**Task to carry out:**
Beginning with the line of the entries below that holds "Jakubinyi László, a" and ending with the line that holds "For a better", transcribe each line exactly as written. Pictures stay out.
──────── Data to use ────────
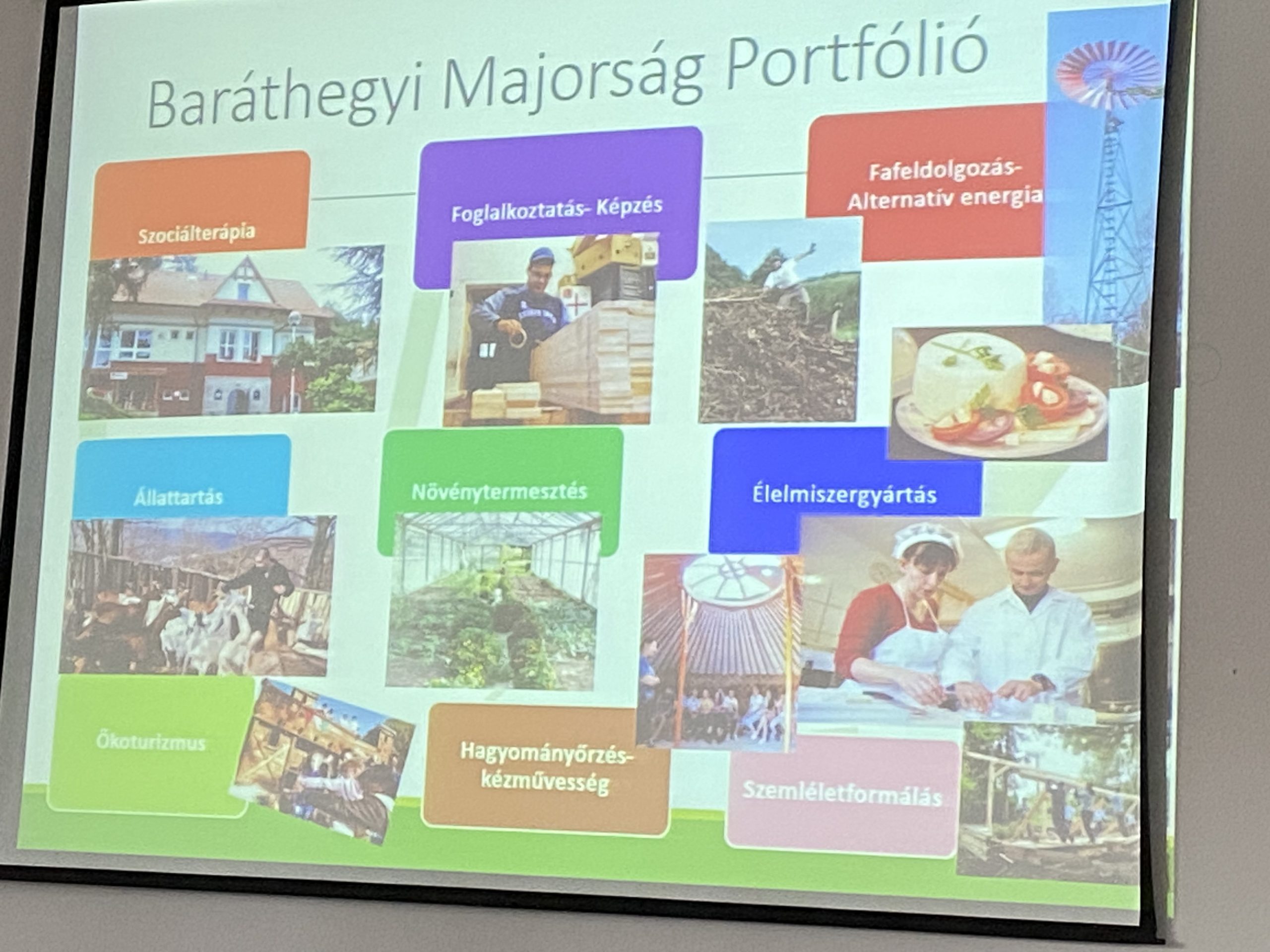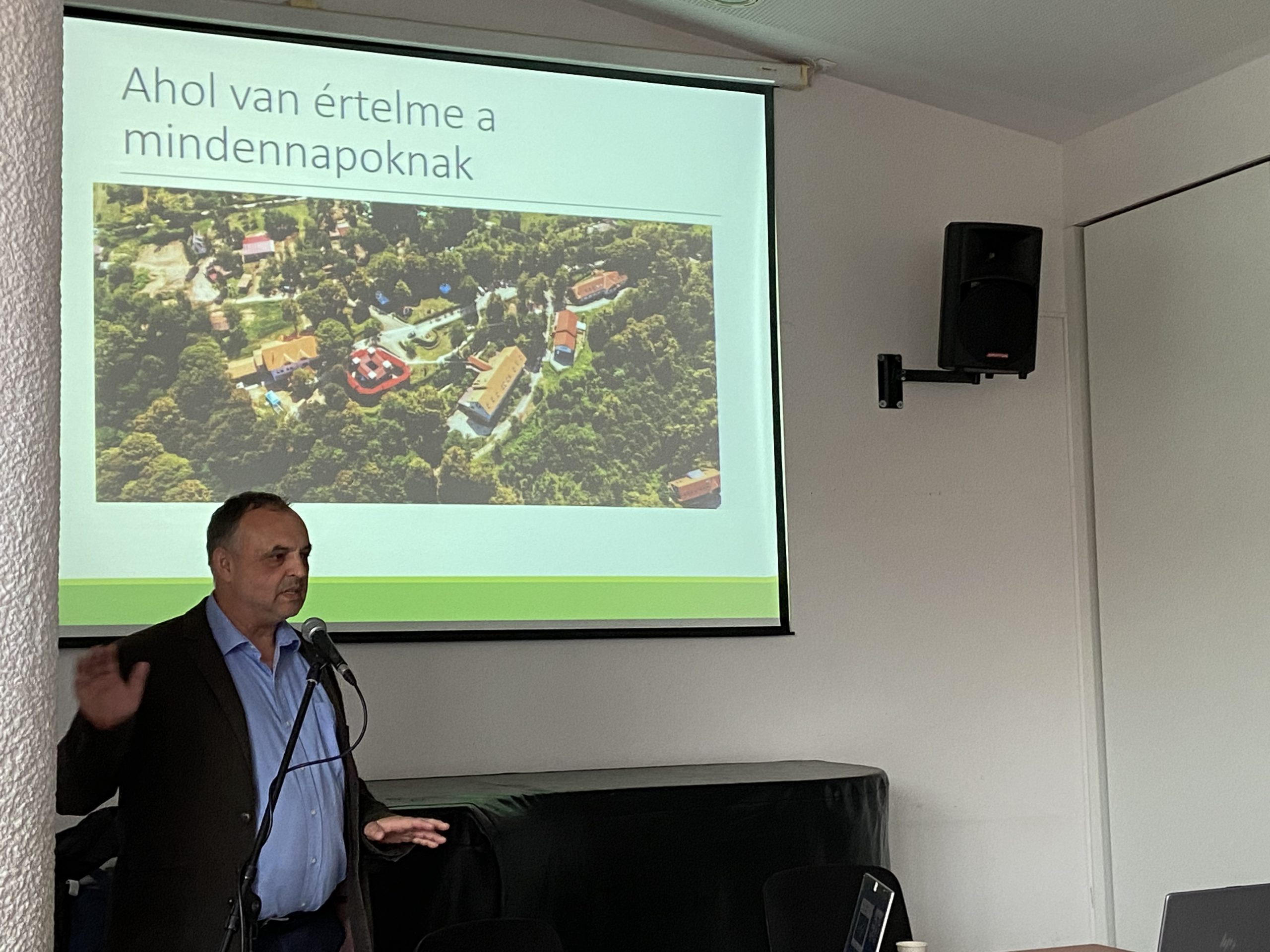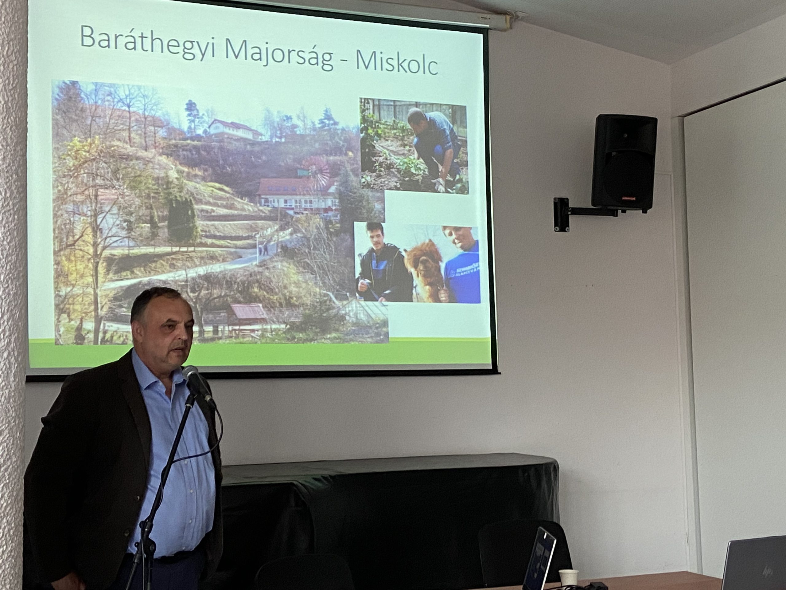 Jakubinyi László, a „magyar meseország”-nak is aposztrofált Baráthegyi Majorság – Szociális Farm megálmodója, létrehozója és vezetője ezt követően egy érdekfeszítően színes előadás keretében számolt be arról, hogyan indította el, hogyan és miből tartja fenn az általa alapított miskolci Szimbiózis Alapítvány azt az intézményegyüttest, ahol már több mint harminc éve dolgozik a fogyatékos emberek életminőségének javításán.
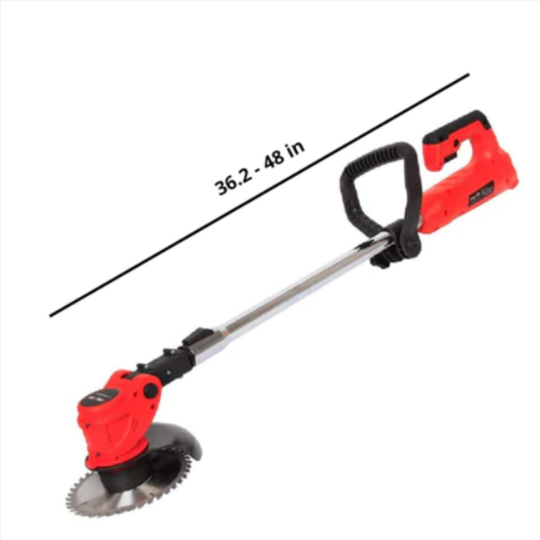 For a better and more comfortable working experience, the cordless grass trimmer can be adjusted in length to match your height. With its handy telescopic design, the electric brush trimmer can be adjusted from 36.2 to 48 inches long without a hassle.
────────
──────── Data to use ────────
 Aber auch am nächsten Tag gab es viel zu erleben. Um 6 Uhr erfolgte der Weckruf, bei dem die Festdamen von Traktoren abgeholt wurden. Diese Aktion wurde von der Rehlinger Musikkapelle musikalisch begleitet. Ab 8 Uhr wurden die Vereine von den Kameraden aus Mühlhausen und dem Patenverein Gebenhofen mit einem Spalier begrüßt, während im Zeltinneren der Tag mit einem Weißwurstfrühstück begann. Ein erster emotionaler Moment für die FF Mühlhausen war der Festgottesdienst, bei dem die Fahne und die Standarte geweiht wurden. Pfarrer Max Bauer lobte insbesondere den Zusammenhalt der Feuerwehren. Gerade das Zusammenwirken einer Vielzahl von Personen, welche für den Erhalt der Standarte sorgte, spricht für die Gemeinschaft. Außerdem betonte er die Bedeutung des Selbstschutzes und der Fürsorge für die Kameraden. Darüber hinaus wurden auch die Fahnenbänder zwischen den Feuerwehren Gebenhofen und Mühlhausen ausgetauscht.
────────
──────── Data to use ────────
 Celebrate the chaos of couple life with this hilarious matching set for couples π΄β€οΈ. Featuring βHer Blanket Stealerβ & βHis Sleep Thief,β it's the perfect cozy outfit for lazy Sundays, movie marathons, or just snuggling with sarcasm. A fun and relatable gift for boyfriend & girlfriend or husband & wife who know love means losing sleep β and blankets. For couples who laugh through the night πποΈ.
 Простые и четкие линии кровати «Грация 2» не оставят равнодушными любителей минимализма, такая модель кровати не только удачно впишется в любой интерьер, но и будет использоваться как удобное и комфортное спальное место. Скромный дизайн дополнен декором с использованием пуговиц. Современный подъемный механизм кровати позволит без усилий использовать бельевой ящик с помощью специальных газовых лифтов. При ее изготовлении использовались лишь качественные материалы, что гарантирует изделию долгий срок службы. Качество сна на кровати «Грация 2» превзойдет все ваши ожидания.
────────
**Solution to this exercise:**
 Jakubinyi László, a „magyar meseország”-nak is aposztrofált Baráthegyi Majorság – Szociális Farm megálmodója, létrehozója és vezetője ezt követően egy érdekfeszítően színes előadás keretében számolt be arról, hogyan indította el, hogyan és miből tartja fenn az általa alapított miskolci Szimbiózis Alapítvány azt az intézményegyüttest, ahol már több mint harminc éve dolgozik a fogyatékos emberek életminőségének javításán.
 For a better and more comfortable working experience, the cordless grass trimmer can be adjusted in length to match your height. With its handy telescopic design, the electric brush trimmer can be adjusted from 36.2 to 48 inches long without a hassle.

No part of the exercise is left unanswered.